Le monstre monde: Une image des possibles de la littérature

Radcliffe, Les mystères d'Udolphe

« Que tu viennes du ciel ou de l’enfer, qu’importe,/ Ô Beauté ! Monstre énorme, effrayant, ingénu ! » (Baudelaire)

Au fond, le monstre conduit toujours à une réflexion paradoxale sur les limites. En effet, le goût du XVIIIe et du XIXe pour les monstres qui donna naissance au « romantisme noir » ou roman « gothique » ou « frénétique », porté par les Anglais Lewis et Radcliffe, en France à leur suite par les contes de Villiers de L’Isle-Adam ou Nodier et Mérimée, est une façon de provoquer les lecteurs et d’inverser l’ordre établi, de montrer que sous le cours rationnel du monde survit le chaos, et que de l’horreur naît le plaisir, peut-être le plus grand des plaisirs. Le monstre est en ce sens transgression, remise en question de l’ordre social ou esthétique. Baudelaire fera du monstrueux une beauté à part entière du domaine poétique. Le monstre permet d’identifier les frontières, de les redessiner ou de les dépasser. Et ce qui est vrai pour les limites de la conscience l’est tout particulièrement pour celles de l’imaginaire.

Michaux, Plume / Lointain intérieur

« Et des foules de choses apparaîtront pour lesquelles il faudra trouver des noms nouveaux, l’œil de pierre, le grand bras tricorne, l’orteil-béquille, l’araignée-mâchoire. » (Sartre)

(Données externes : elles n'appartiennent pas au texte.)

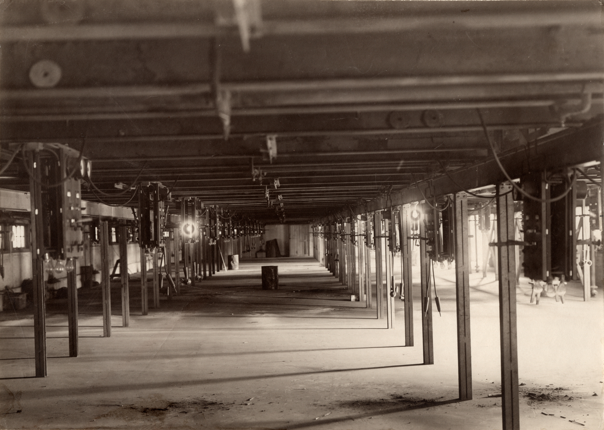 Stockholms Superfosfat Fabriks AB,Alby Karbidfabrik. Kalkkväveugnshus. Undersidan av ugnarna.
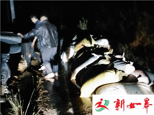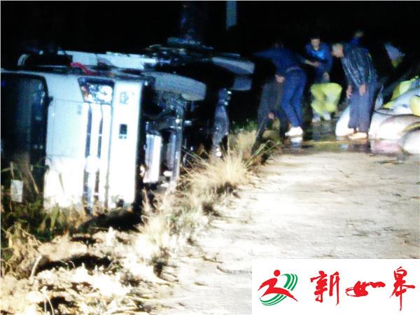 昨天(11月17日)晚上6点半左右,淮安涟水徐集上庄近内,发生一起交通事故,一辆刚买的新货车去朋友家运输水稻,在回家的过程中,由于路窄避让行人,连人带车及车上2000多斤水稻全部坠入河中,侥幸的是人无大碍。
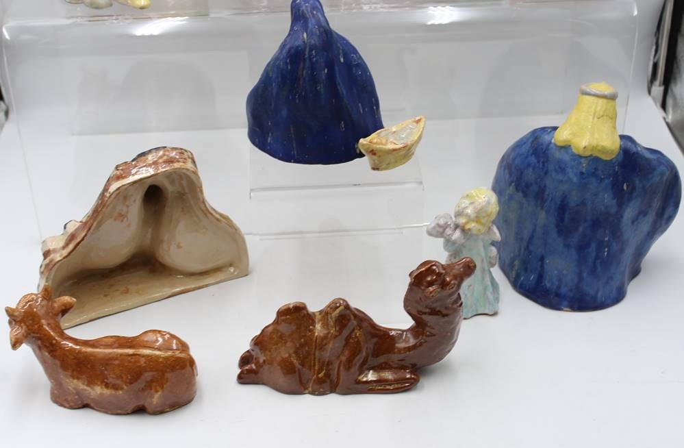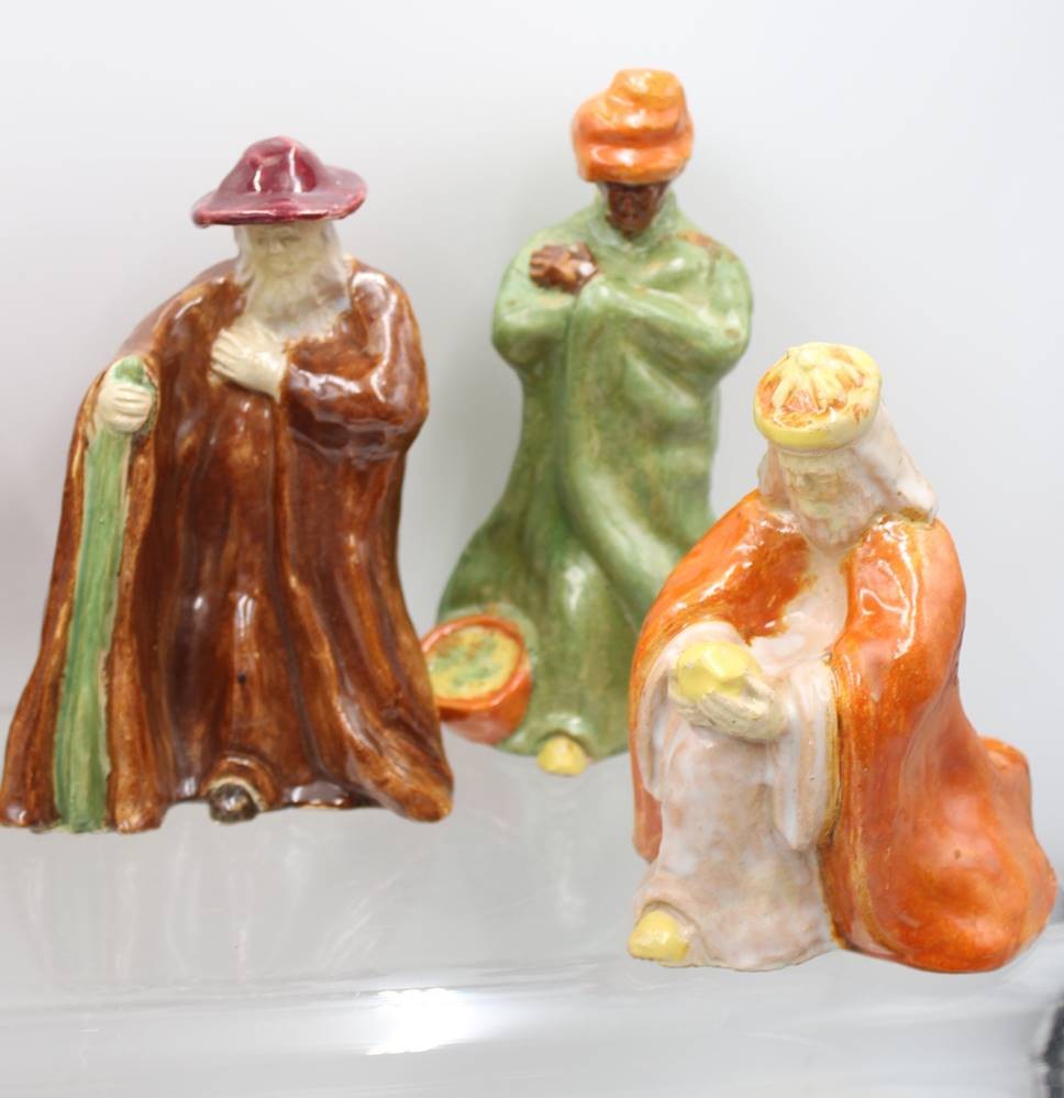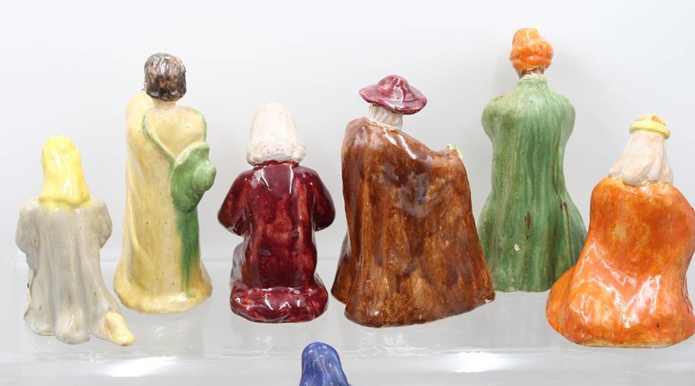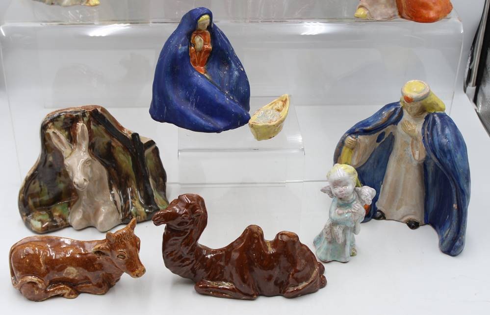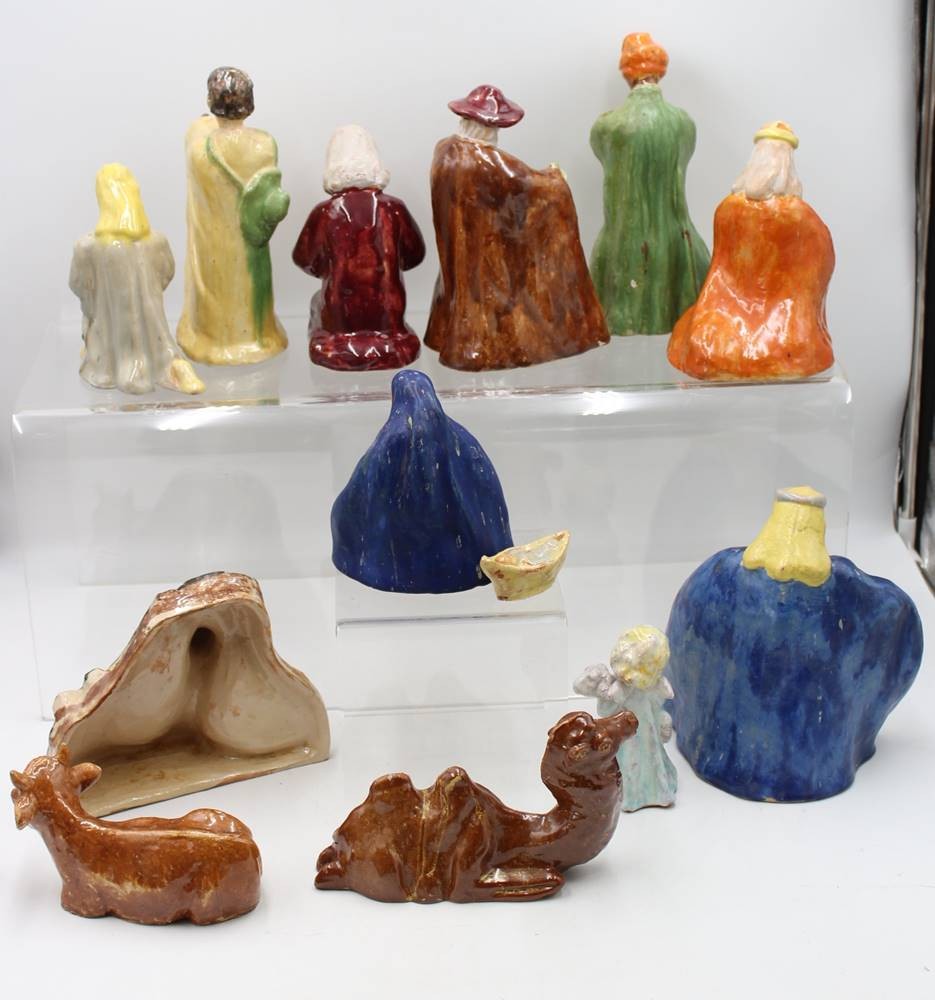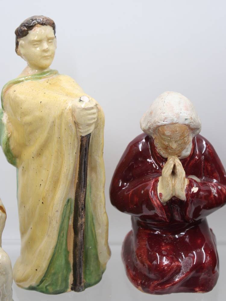 13x Krippefiguren, Terrakotta, 30/40er Jahre, 1x Hirtenstb abgebrochen, Größte H-22cm [1]
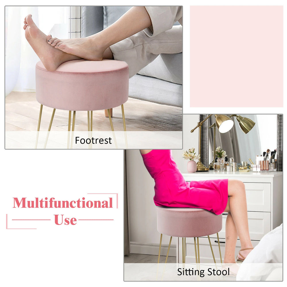 This pink velvet round footstool blends a modern look with practical function. The seat is upholstered in soft, skin-friendly velvet over a premium sponge cushion for comfortable resting, while an engineered MDF shell and reinforced steel support give the stool stable, long-lasting performance.
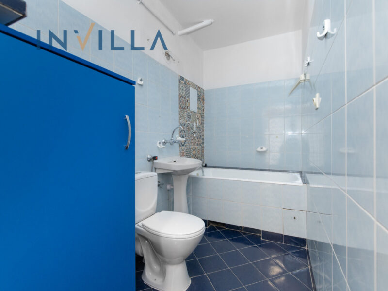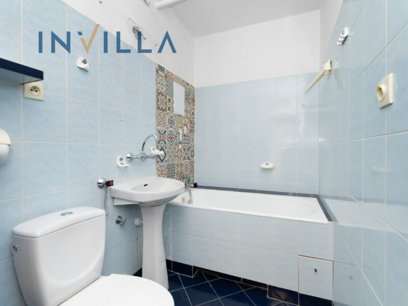 Jak na mieszkanie w bloku łazienka jest duża – swobodnie mieści się wanna, umywalka i WC, jest miejsce na pralkę.
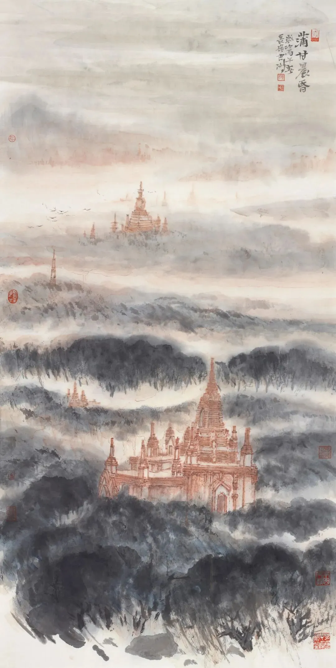 ผู้สร้างสรรค์ผลงาน: Fu Jihongชื่อผลงาน: พุกามยามรุ่งเช้าและพลบค่ำวัสดุ: ภาพวาดหมึกจีนลงสี
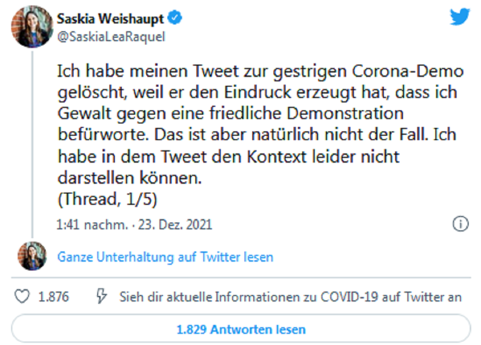 Zurück zu Grünen-Abgeordnete löscht wegen Aufruhr den Tweet: „Pfefferspray und Schlagstock“ gegen Querdenker
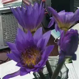 蓝鸟(学名:Nymphaea 'Blue Bird'):是多年生水生草本;根状茎肥厚。叶二型:浮水叶圆形或卵形,基部具弯缺,心形或箭形,常无出水叶;沉水叶薄膜质,脆弱。花形美丽,浮在或高出水面;萼片4,近离生;花瓣成多轮,心皮环状,贴生且半沉没在肉质杯状花托,且在下部与其部分地愈合,上部延伸成花柱,柱头成凹入柱头盘,胚珠倒生,垂生在子房内壁。浆果海绵质,不规则开裂,在水面下成熟;种子坚硬,为胶质物包裹。
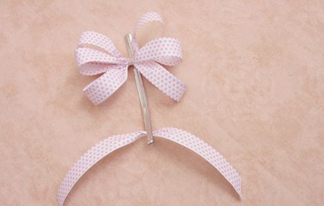 E com a cola quente cole o laço de fitinhas sobre o laço da fita poá.
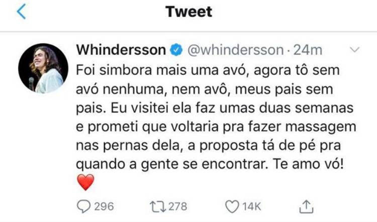 O youtuber Whindersson Nunes usou o seu twitter nesta segunda -feira (10) para dar uma triste notícia a seus seguidores. Ele lamentou a morte de sua avó.
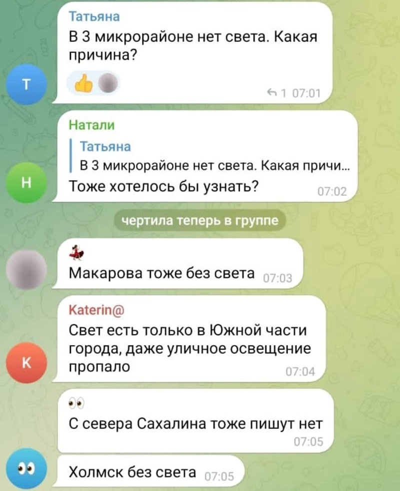 «Уважаемые жители! По информации ФРС ПАО „Сахалинэнерго“ произошло аварийное отключение всего района, причины выясняются. Номер телефона дежурного ЕДДС: 8(42434)4-44-02», — оповещают население.

Le monstre a pour ultime vertu d’offrir un terrain d’explorations illimité. De Bosch à Bacon, de Flaubert à Lautréamont, les formes du monstre sont infinies, à l’image de ces « Animaux fantastiques » du Lointain intérieur de Michaux. Là, « L’âne se renverse et devient un buffle et devient un requin qui s’élance vers vous », on y voit « un petit animal mange serrure ». Certes le monstre soude la communauté des hommes en figurant le mal, et sait révéler les vices humains. Mais il est avant tout un objet artistique idéal, liberté au croisement de l’éthique et de l’imaginaire. La chimère, pure créature de l’imaginaire, ne pourrait-elle pas être la métaphore même de la littérature, et de sa capacité vivace de produire des fictions à volonté et de se construire au fil du temps comme un hybride d’autres textes ? Au monstre sans nom le rôle de celui qui inquiète et renouvelle notre capacité à formuler. Ce n’est plus alors le sommeil de la raison qui engendre des monstres, mais, à l’inverse, l’éveil du monstre qui stimule la raison.